- Provided records -

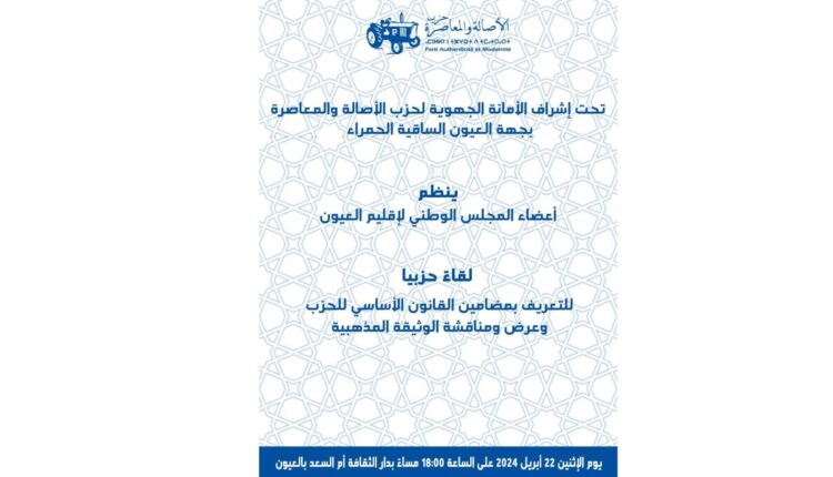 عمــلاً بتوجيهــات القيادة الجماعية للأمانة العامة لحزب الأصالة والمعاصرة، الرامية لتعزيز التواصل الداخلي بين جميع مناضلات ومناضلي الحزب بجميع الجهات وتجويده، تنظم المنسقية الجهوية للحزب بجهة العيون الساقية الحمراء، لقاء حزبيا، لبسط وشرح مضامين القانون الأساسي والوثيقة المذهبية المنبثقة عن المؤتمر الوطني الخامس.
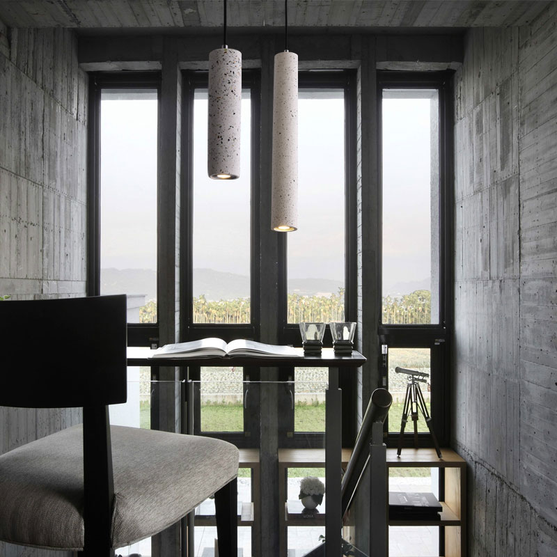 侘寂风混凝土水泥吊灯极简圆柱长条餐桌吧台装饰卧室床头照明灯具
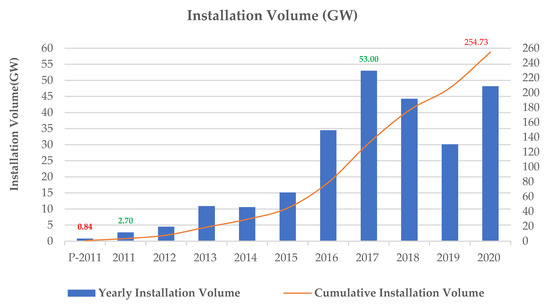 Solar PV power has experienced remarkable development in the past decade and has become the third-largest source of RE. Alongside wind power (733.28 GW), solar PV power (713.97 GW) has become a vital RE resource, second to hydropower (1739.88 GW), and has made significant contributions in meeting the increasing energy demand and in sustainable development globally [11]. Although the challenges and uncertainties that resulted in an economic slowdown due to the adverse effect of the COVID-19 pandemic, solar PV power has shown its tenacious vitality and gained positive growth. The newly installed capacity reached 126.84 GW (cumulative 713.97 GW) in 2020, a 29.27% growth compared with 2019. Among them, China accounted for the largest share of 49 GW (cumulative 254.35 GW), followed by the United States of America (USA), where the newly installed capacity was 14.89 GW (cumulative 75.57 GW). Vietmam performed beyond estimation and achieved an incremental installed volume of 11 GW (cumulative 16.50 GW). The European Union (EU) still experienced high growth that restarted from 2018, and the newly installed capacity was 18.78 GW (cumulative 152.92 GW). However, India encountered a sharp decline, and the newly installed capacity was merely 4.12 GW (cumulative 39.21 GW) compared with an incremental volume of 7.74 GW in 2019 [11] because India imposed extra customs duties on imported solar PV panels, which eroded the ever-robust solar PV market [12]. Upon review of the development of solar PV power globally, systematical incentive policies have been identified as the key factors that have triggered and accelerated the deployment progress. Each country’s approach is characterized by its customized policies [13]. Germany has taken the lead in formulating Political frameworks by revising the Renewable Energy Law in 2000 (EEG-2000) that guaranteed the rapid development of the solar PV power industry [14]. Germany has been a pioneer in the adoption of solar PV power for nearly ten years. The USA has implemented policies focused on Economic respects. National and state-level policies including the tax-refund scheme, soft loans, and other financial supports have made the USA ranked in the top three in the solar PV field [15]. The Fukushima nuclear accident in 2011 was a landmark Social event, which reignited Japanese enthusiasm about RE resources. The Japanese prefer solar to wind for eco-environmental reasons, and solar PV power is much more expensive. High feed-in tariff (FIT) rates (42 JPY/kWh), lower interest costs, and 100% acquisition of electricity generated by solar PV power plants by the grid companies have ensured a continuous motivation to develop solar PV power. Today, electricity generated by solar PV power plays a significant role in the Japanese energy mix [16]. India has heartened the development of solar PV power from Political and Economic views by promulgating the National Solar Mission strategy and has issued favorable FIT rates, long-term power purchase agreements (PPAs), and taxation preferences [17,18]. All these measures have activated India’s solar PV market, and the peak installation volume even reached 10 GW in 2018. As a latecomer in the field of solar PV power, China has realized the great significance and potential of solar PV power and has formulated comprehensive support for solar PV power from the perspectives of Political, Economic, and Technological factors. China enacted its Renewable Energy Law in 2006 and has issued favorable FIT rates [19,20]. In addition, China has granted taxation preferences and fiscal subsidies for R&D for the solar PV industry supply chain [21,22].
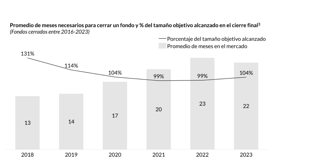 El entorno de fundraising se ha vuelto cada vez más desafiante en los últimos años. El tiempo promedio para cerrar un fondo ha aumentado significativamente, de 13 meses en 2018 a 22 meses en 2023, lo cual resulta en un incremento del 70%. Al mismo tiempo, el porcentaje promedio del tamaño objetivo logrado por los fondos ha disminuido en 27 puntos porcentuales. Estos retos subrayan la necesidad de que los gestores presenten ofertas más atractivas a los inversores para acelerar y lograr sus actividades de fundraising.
* * *
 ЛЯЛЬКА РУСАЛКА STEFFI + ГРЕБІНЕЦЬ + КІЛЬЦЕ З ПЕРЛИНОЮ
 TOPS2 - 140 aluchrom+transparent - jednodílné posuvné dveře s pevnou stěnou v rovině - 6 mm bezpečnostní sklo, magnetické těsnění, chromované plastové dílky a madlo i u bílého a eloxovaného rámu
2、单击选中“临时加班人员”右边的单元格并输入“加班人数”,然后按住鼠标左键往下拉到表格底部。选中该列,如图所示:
==
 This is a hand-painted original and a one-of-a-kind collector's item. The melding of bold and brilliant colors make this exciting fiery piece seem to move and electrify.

- Exercise aim -
Each line from the one that contains "عمــلاً بتوجيهــات القيادة" down to the one that contains "侘寂风混凝土水泥吊灯极简圆柱长条餐桌吧台装饰卧室床头照明灯具" is to be returned exactly as it stands above, both ends included, with pictures removed.

- Solution -
 عمــلاً بتوجيهــات القيادة الجماعية للأمانة العامة لحزب الأصالة والمعاصرة، الرامية لتعزيز التواصل الداخلي بين جميع مناضلات ومناضلي الحزب بجميع الجهات وتجويده، تنظم المنسقية الجهوية للحزب بجهة العيون الساقية الحمراء، لقاء حزبيا، لبسط وشرح مضامين القانون الأساسي والوثيقة المذهبية المنبثقة عن المؤتمر الوطني الخامس.
 侘寂风混凝土水泥吊灯极简圆柱长条餐桌吧台装饰卧室床头照明灯具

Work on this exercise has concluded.